Converting a stream of ASCII chars into words, integers, doubles and signs is a pretty useful feature and that’s all this demo is capable of doing, but that’s only because I stopped there. You see, in the background, is a general purpose algorithm that converts an input stream of neurons into a single result cluster, using any and all of the flows that are defined in the network. This means that you can use the same algorithm with many different flow definitions. I have simply defined some to recognize words, integers and doubles. You could go further and add flows to find verbs, sentence subjects,.. (in fact, that’s what the AICI 1 demo does). You could even go further still and create flows for visual objects or audio fragments, the same algorithm can be used. Unfortunately though, the editor doesn’t yet support such types of displays for flows (will probably be added somewhere in the future though).

Details

So how is the translation actually performed? To explain this, let me first recap some of the basic concepts of neurons and flows:

  • imageThe different types of  data available to a neuron are: incoming and outgoing links, possibly one or more parent clusters, for clusters possibly 1 or more children and a meaning. And finally value neurons also have their value off course. This is important, cause when the translation process starts, this is all the available information.
  • Flows are nothing more than clusters that contain flow items, which can be statics or conditionals (loops and options). These in turn can only contain conditional parts. They represent a single branch of the decision tree. Parts can again have the same data as flows: statics or conditionals. So if you are a neuron (a static, part, conditional or flow), you can always look up into your list of parents to see in which flows and parts it is used.

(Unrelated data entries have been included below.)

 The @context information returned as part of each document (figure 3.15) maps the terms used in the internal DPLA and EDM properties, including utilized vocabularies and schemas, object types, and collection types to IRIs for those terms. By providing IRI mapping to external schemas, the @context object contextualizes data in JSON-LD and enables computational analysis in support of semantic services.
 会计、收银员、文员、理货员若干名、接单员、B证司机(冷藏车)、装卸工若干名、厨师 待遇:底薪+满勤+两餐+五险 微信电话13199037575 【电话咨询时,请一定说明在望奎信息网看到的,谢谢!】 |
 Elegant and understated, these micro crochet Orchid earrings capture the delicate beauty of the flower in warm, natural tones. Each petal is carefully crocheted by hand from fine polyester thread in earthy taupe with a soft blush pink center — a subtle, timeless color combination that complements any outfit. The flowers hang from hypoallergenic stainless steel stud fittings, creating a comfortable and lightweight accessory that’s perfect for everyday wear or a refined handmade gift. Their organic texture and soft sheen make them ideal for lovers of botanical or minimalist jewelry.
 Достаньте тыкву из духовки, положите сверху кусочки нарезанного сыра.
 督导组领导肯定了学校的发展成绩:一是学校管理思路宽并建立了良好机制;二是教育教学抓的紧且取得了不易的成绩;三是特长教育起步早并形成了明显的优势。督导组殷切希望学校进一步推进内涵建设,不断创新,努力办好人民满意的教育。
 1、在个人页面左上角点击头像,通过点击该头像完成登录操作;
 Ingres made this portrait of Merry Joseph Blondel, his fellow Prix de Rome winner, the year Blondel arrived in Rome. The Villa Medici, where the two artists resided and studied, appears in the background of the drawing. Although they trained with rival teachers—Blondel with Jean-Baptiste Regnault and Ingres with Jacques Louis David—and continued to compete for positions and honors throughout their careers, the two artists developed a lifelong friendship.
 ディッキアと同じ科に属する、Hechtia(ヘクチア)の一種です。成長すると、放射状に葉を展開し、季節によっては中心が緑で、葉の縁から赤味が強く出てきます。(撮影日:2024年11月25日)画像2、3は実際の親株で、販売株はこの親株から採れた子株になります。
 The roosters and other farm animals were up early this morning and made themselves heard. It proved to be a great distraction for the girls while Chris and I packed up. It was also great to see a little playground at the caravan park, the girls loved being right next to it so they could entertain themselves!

imageNow, if you recall from the first demo, an input starts by creating an IntNeuron for each ASCII value, which is linked to another neuron using the ‘Letter’ neuron (ID 109). These are all put on the execution stack and the processor starts (the Rules code on the Letter neuron is executed).

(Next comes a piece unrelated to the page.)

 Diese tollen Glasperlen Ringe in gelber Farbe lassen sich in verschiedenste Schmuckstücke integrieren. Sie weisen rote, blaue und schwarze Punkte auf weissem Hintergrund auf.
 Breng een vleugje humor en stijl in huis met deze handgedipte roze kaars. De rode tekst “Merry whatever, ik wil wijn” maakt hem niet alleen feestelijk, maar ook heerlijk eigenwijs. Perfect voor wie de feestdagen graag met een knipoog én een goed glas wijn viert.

So both neurons are new and only have each other as links. This means that image we can’t use links or parent/child relationships to resolve the first step, but instead must use something different. The only other thing that remains is the value of the int neurons, so this is compared against some constants to see if they are digits (0..9) alpha numeric (a..z+A..Z), spaces | returns, or something else.  This comparison results in the creation of 1 new neuron per input neuron: the result cluster, in which we store the integer. One of these clusters (or it’s duplicate, due to a split) will eventually store the end result.  This cluster is linked to one of 3 static neurons: Digit, Alpha or Space (signs like . or , are handled a bit differently, this will be explained later). Naturally, if the integers would represent color values, we would use other starting points than digit or alpha. In other words, this first part is variable according to the type of input and the required accuracy of the algorithm. As meaning, we use  the start of the ‘flow recognition’ algorithm, called ‘Stage 1.1’ and put the result cluster back on the stack.  It’s important to put this one back on the stack, and not the item we are looking for. That’s because the algorithm can perform numerous splits and we want the result to be duplicated not the searchable, cause the contents of the list are continuously modified and we don’t want the result of one processor to be modified by  another one (I had to learn this the hard way).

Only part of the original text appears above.